The Kenyan presidency is interesting. Even though only one person gets elected to hold the office, a lot of Kenyans weigh the office based on ‘how much your tribe will sit on us’.
In the nation’s delicate tribal relations, the next president is discussed more along the lines of what his election will portend for the other communities. Ruto’s supporters like to draw parallels between his troubles and those of Vice President Daniel Moi in the 1970s, with Moi ultimately prevailing after the death of President Jomo Kenyatta.
What they don’t mention is that Moi was the quintessential lamb who turned the other cheek, and was seen as weak all round. If he had been an aggressive politician who stoked fear in other communities, the destiny of this country probably would have taken a different trajectory.
The DP’s strategists may be interested in also learning from the journey of their mortal enemy, Raila. The fearsome, leftist Raila of the 1990s, with a revolutionary beard, only became a top presidential candidate, and the nation’s favourite politician, after he transformed into a pacifier and statesman. Before that, his presidential run in 1997 didn’t have much impact outside Luoland.
It is in building bridges across communities that a serious presidential run really takes off.
In concluding, I would recommend the book Believer by former President Barrack Obama’s adviser and campaign chief David Axelrod.
Axelrod was obsessed with message discipline and did everything to ensure the campaign stuck to the message, at some point having to read the rule book to the candidate’s own wife. The more the DP’s message appears disjointed, chaotic and all over the place, the happier it makes the other side.
In Kenyan politics, the temptation to sacrifice strategy for publicity is one politicians easily fall for.

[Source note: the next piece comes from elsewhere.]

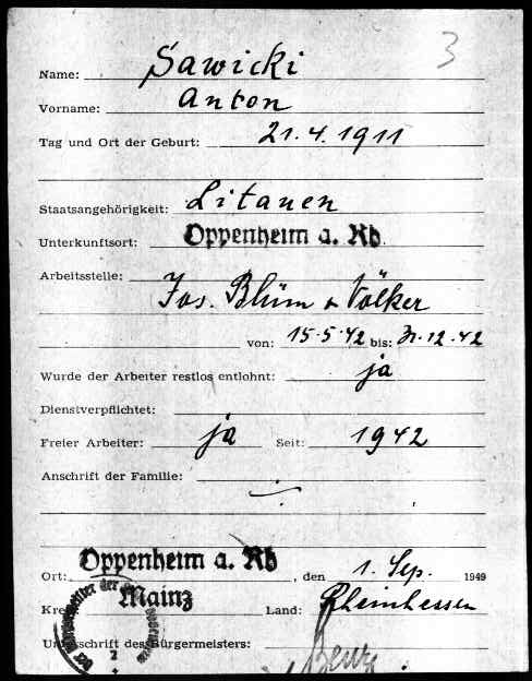 Der polnische Priester Antoni Sawicki (1911-2010) war als Theologiestudent nach dem deutschen Überfall auf Polen zunächst inhaftiert worden, dann kam er zur Zwangsarbeit nach Rheinhessen – erst nach Oppenheim und dann nach Schwabsburg (heute ein Ortsteil von Nierstein). Aus dieser Zeit hinterließ er eine besonders eindringliche Quelle: ein Tagebuch in dem er von seinem Schicksal Zeugnis ablegte.

But one in the Deputy President’s position should by now know that preparing to take on the might of state machinery, including the dirty tricks that the DP himself supported for a long time, requires he urgently begins building political bridges across Kenya.
He will have to listen to real strategists and remember that for one who wants to hold the highest office in the land, his words have the potential to impact the destiny of 45 million people, and cannot therefore be mere words without conviction that he will contradict them 24 hours later.
Time is running out for a real messaging campaign!